This story is a collaboration between ProPublica, STAT and ABC News.

Four years ago this week, Dr. Richard Sackler sat in a conference room at a law office in a Louisville, Kentucky, office park. Lawyers for the Kentucky attorney general’s office were taking his deposition as part of the state’s lawsuit alleging that the family business, Purdue Pharma, illegally marketed the opioid painkiller OxyContin by understating its addictive properties.

Sackler, who has been at various times Purdue’s president and co-chairman of its board, testified for more than eight hours. The lawyers asked him about his role at the company, what decisions he was involved in and whether he believes Purdue played any part in the opioid crisis that has resulted in more than 200,000 overdose deaths related to prescription drugs since 1999.

Despite hundreds of lawsuits against Purdue stretching back well over a decade, that August 2015 deposition, which was recorded on video, is believed to be the first time any member of the Sackler family was questioned under oath about their role in the marketing of OxyContin.

Four months after the deposition, Purdue agreed to pay Kentucky $24 million to settle the case. The company fought a legal battle for more than three years to keep the deposition secret. After the news organization STAT won a court decision in 2016 ordering its release, Purdue appealed all the way to the Kentucky Supreme Court. The court declined on Wednesday to hear the case, letting STAT’s lower court victory stand.

This past February, ProPublica obtained and published a transcript of the deposition. In a statement then, Purdue stood behind Sackler’s testimony. The video, however, remained unavailable. In April, comedian John Oliver called on his HBO show for its public release, saying it wasn’t “something that Purdue gets to bury.”

Now ProPublica has obtained the video and selected significant passages. Here are those excerpts:

Sackler was questioned about how much money he and his extended family have made from sales of OxyContin.

Profits From OxyContin Sales

Sackler was both a board member and an executive of Purdue, in addition to an owner. His role in conceiving, launching and overseeing the marketing of OxyContin is discussed here.

“It is Almost That I Dedicated My Life to It”

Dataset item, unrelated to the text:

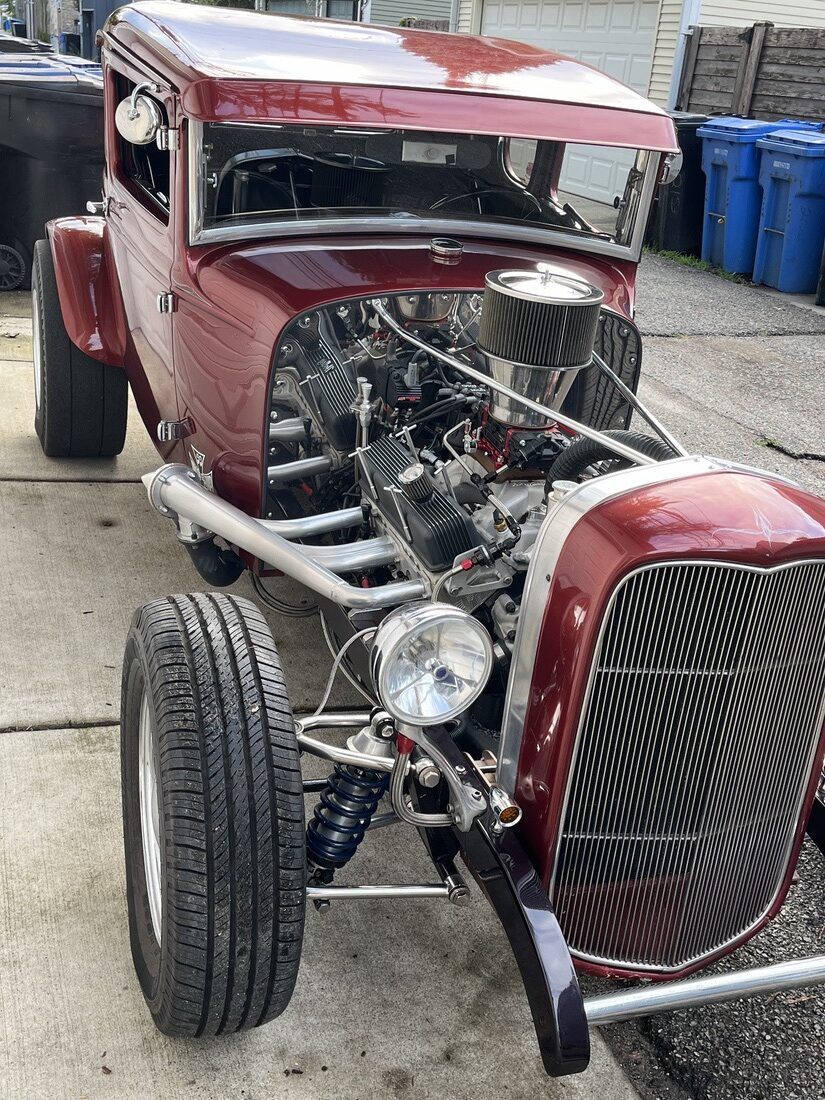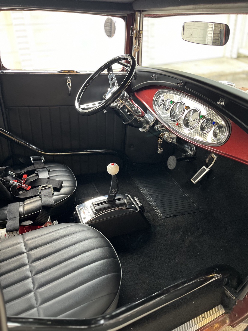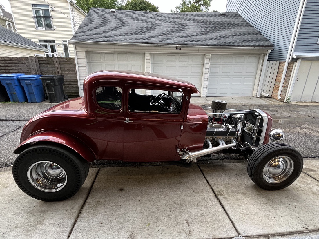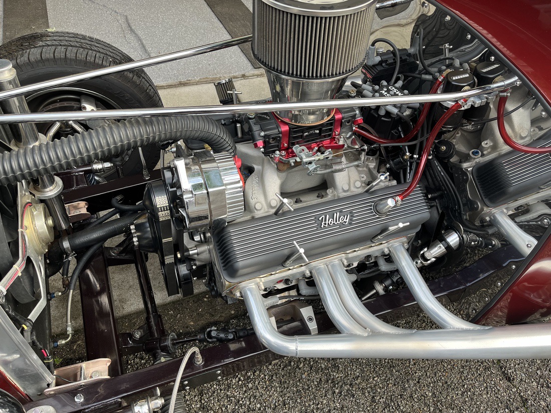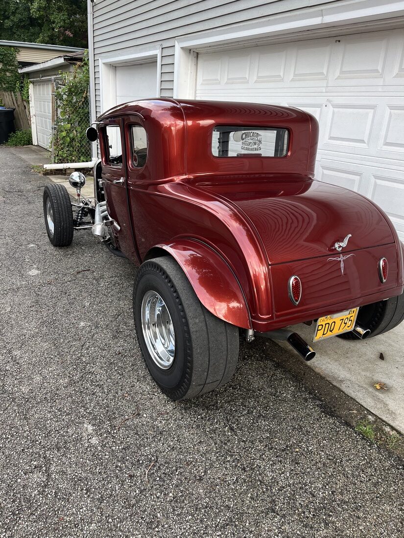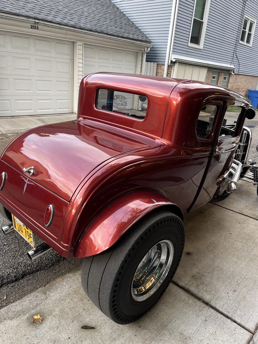 I purchased the car in 1975. Over the last 49 years I chopped and channeled it 3 inches built a new chassis with a height super ride. Independent front suspension. The engine is a 383 stroker with AFR Street eliminator aluminum heads the carb is a brawler 750 double pumper. The exhaust is a roadworks lakester header with cut outs and flow master mufflers. I put in a 32 dash with Stewart Warner gauges. My front tires P20 5 70 R 15 Dunlops and the rears are tall city 31 x 10.50 x 15 Chester slicks. I bought the car when I was 22. I am now 71 and I’m still driving it all around town.

Lawyers for the state of Kentucky asked Sackler about emails showing Purdue created OxyContin for fear that its existing painkiller, MS Contin, would soon face generic competition.

Generic Threat Pushes Purdue Pharma to Create OxyContin



Sackler was questioned about how Purdue incentivized its sales force to sell OxyContin and whether he thought the company’s marketing was appropriate.

Incentives for OxyContin Sales Reps



OxyContin Marketing Too Aggressive?



A 1997 email exchange, read to Sackler at the deposition, shows that he supported a decision by Purdue executives not to correct a misperception among doctors that OxyContin is weaker than morphine. In fact, OxyContin is twice as potent as morphine. Purdue pleaded guilty in federal court in 2007 to falsely promoting OxyContin by understating the risk of addiction to the drug, including failing to alert doctors that it was a stronger painkiller than morphine. In these clips, Sackler is questioned about the failure to tell doctors about the relative strength of OxyContin and how that may have benefited the company.

Oxycontin More Potent Than Morphine



Do Doctors Perceive Oxycontin as Weaker Than Morphine?



Sackler was asked about comments he made describing the U.S. Food and Drug Administration’s rapid approval of OxyContin.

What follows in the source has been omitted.